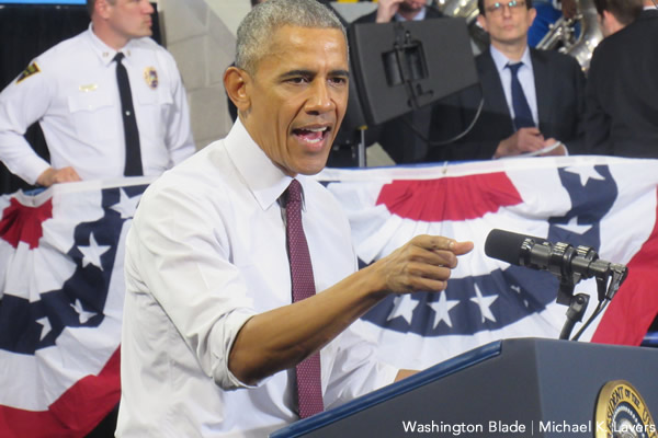 President Barack Obama stumps for Hillary Clinton at Fayetteville State University in Fayetteville, N.C., on Nov. 4, 2016. (Washington Blade photo by Michael K. Lavers)
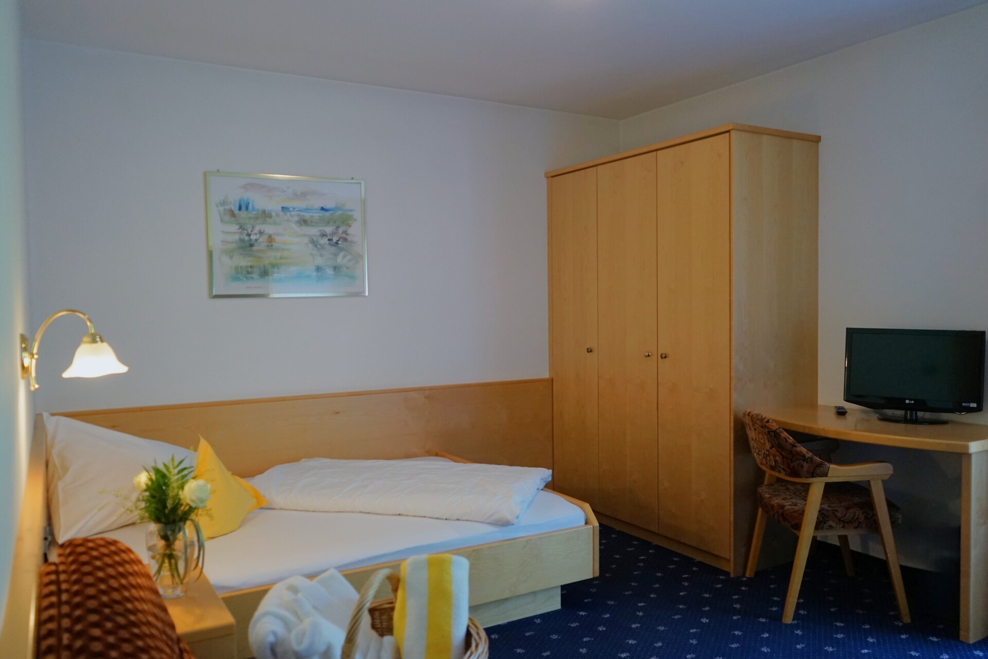 Single room, Single bed, Balcony, Anti-allergic room, Safe, Shower / Bath tub, Bidet, Hair dryer, TV, Satellite/Cable, Internet access, Main building
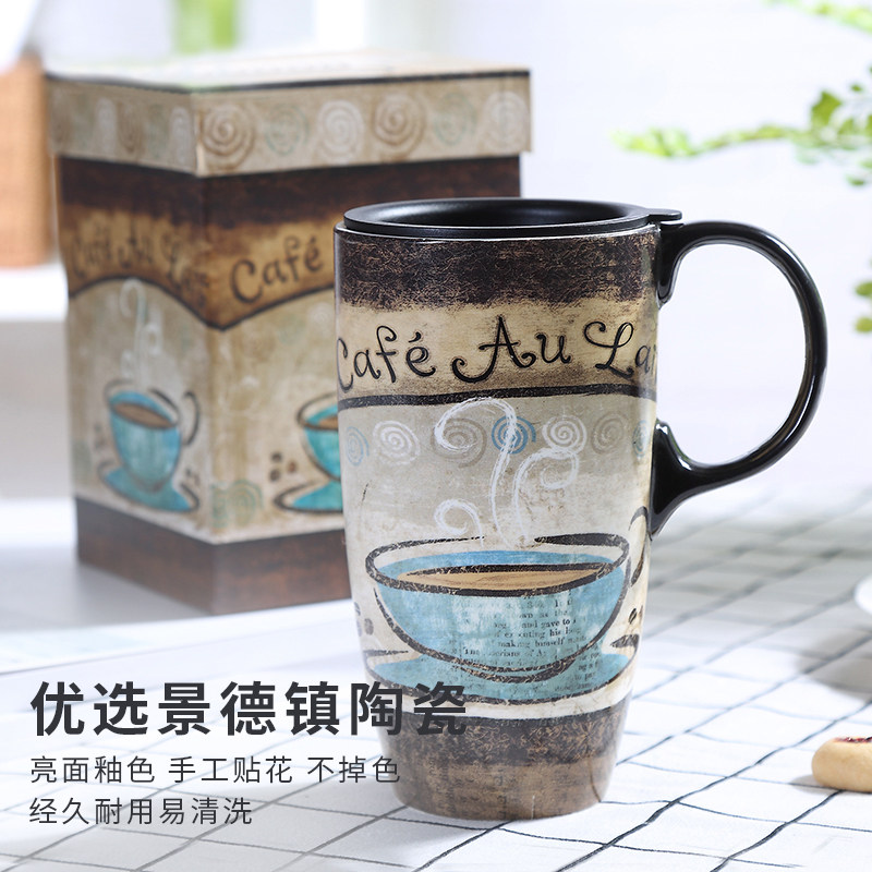爱屋格林大容量陶瓷马克杯带盖高颜值家用水杯礼盒款情人节礼物
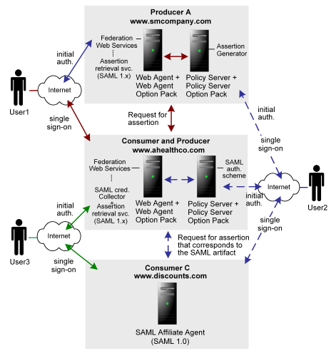 - The administrator has configured an affiliate object that represents discounts.com so an assertion is produced for User2 and User3. This makes single sign-on to discounts.com possible.
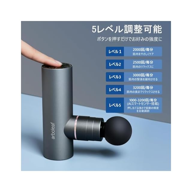 【5段階強力振動&自動モード付き】レベル1~4は手動モードです。ワンタッチで2000、2500、3000、3200回/毎分の振動強度調整機能を搭載します。レベル5は自動モードし、AIスマートセンサーを搭載しており、筋肉に押し当てる強さに応じて、1000-3000回/毎分の振動の頻度を自動調節します。ボタン操作などは一切不要です。
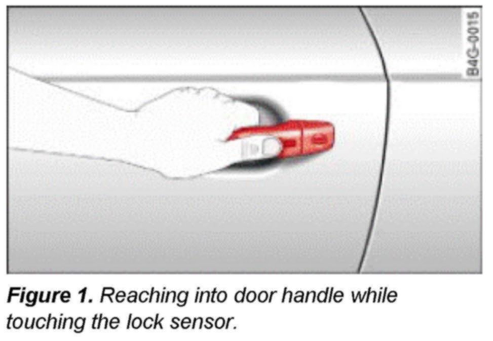 2. If the customer reaches into the door handle while touching the lock sensor to lock the vehicle it will not be locked. This is because the unlocking command from the sensor is sent at the same time and has a higher priority.
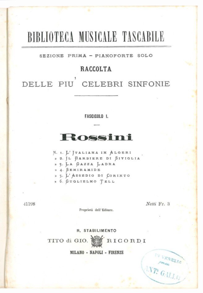 Sezione prima - Pianoforte solo. Raccolta delle più celebri sinfonie.
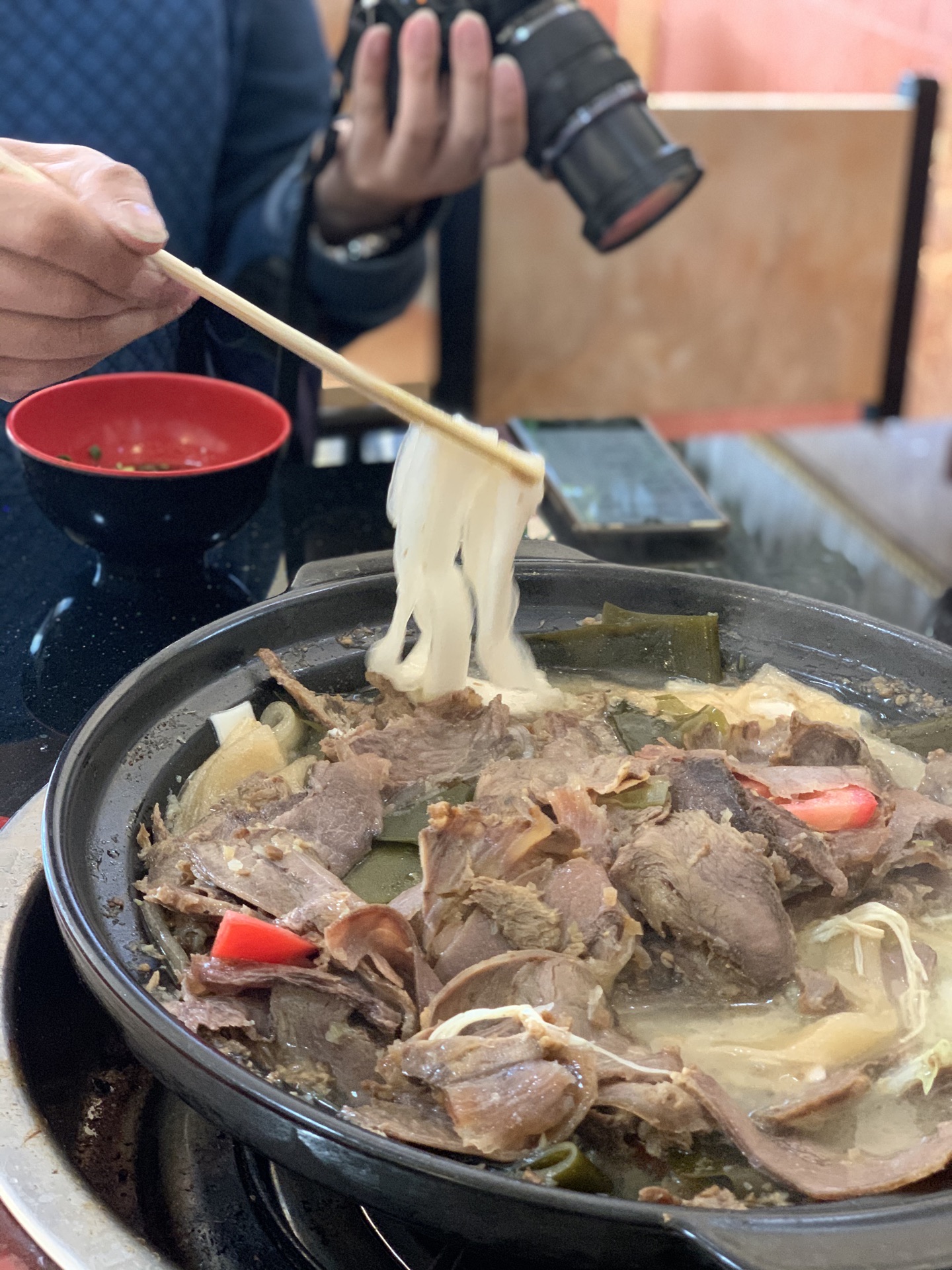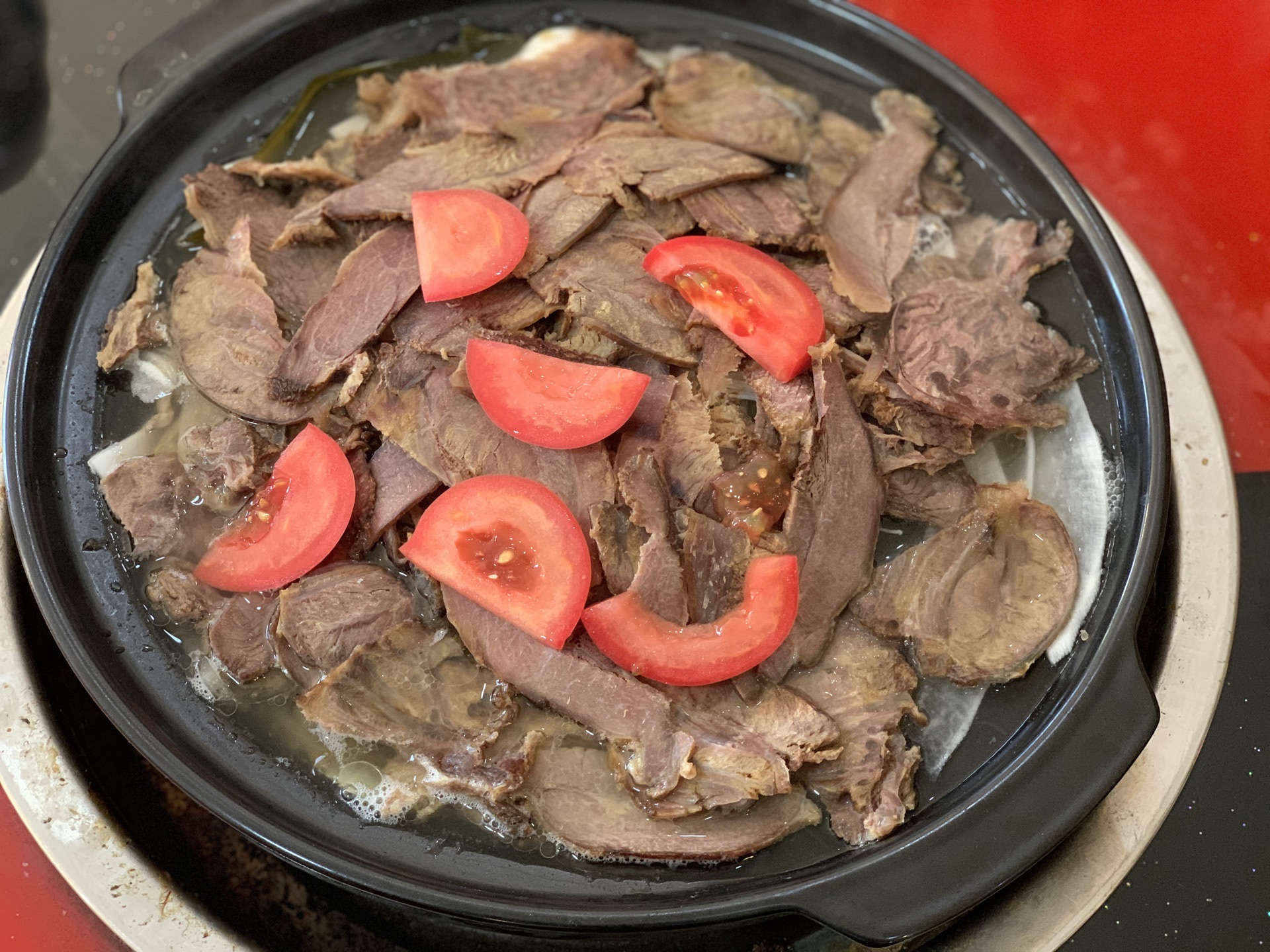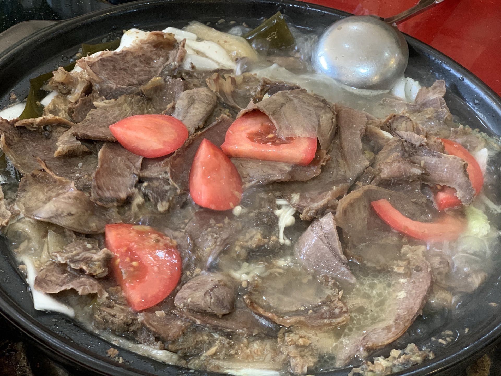 我发觉若尔盖县城真的比红原好太多太多了,建议千万不要去红原吃东西。 说是脏乱差一点儿不过分,但是若尔盖就不一样了,虽然也是小小的,但感觉还挺卫生的,汉化得比较全面了,饮食方面也感觉选择很多,比较多元化一点。 在众多餐馆里面,我们选了这家,理由有二。 第一是我们觉得好像牦牛肉汤锅是当地特色,所以需要亲自尝尝看。 第二是他们家的评价是真的还蛮好的,在众多牦牛肉汤锅里面。 买了一份三人餐138元,然后需要额外支付每人5元的调味料费用。 人均差不多50元,肉还特别多,真的是性价比极高了。 【牦牛肉汤锅】 这个三人餐的牦牛肉真的巨多,并不仅仅是表面看到的那些牛肉片哦,下面还有哦。 以及一些素菜也在下面,特别丰富。 如果不额外加素菜其实也够了,加了也没吃完。 因为套餐里包含了两个素菜,所以我们也就一起倒进锅里了。 牛肉是比较有嚼劲的口感,是先已经煮熟了的,所以只需要锅开就可以吃了。 本身味道比较淡,汤底也是,所以需要自己调一个调味碟。 老板是一个年轻小伙子,态度挺好的,也很热情积极。 他们家生意是真的很好,多是游客过来的,一大家子那种,饭点就会楼上楼下坐满。

○ ○ ○ ○ ○ ○ ○

* _WHAT TO DO_: The result should be every entry, word for word, and no pictures.

* _TASK ANSWER_:
 President Barack Obama stumps for Hillary Clinton at Fayetteville State University in Fayetteville, N.C., on Nov. 4, 2016. (Washington Blade photo by Michael K. Lavers)
 Single room, Single bed, Balcony, Anti-allergic room, Safe, Shower / Bath tub, Bidet, Hair dryer, TV, Satellite/Cable, Internet access, Main building
爱屋格林大容量陶瓷马克杯带盖高颜值家用水杯礼盒款情人节礼物
 - The administrator has configured an affiliate object that represents discounts.com so an assertion is produced for User2 and User3. This makes single sign-on to discounts.com possible.
 【5段階強力振動&自動モード付き】レベル1~4は手動モードです。ワンタッチで2000、2500、3000、3200回/毎分の振動強度調整機能を搭載します。レベル5は自動モードし、AIスマートセンサーを搭載しており、筋肉に押し当てる強さに応じて、1000-3000回/毎分の振動の頻度を自動調節します。ボタン操作などは一切不要です。
 2. If the customer reaches into the door handle while touching the lock sensor to lock the vehicle it will not be locked. This is because the unlocking command from the sensor is sent at the same time and has a higher priority.
 Sezione prima - Pianoforte solo. Raccolta delle più celebri sinfonie.
 我发觉若尔盖县城真的比红原好太多太多了,建议千万不要去红原吃东西。 说是脏乱差一点儿不过分,但是若尔盖就不一样了,虽然也是小小的,但感觉还挺卫生的,汉化得比较全面了,饮食方面也感觉选择很多,比较多元化一点。 在众多餐馆里面,我们选了这家,理由有二。 第一是我们觉得好像牦牛肉汤锅是当地特色,所以需要亲自尝尝看。 第二是他们家的评价是真的还蛮好的,在众多牦牛肉汤锅里面。 买了一份三人餐138元,然后需要额外支付每人5元的调味料费用。 人均差不多50元,肉还特别多,真的是性价比极高了。 【牦牛肉汤锅】 这个三人餐的牦牛肉真的巨多,并不仅仅是表面看到的那些牛肉片哦,下面还有哦。 以及一些素菜也在下面,特别丰富。 如果不额外加素菜其实也够了,加了也没吃完。 因为套餐里包含了两个素菜,所以我们也就一起倒进锅里了。 牛肉是比较有嚼劲的口感,是先已经煮熟了的,所以只需要锅开就可以吃了。 本身味道比较淡,汤底也是,所以需要自己调一个调味碟。 老板是一个年轻小伙子,态度挺好的,也很热情积极。 他们家生意是真的很好,多是游客过来的,一大家子那种,饭点就会楼上楼下坐满。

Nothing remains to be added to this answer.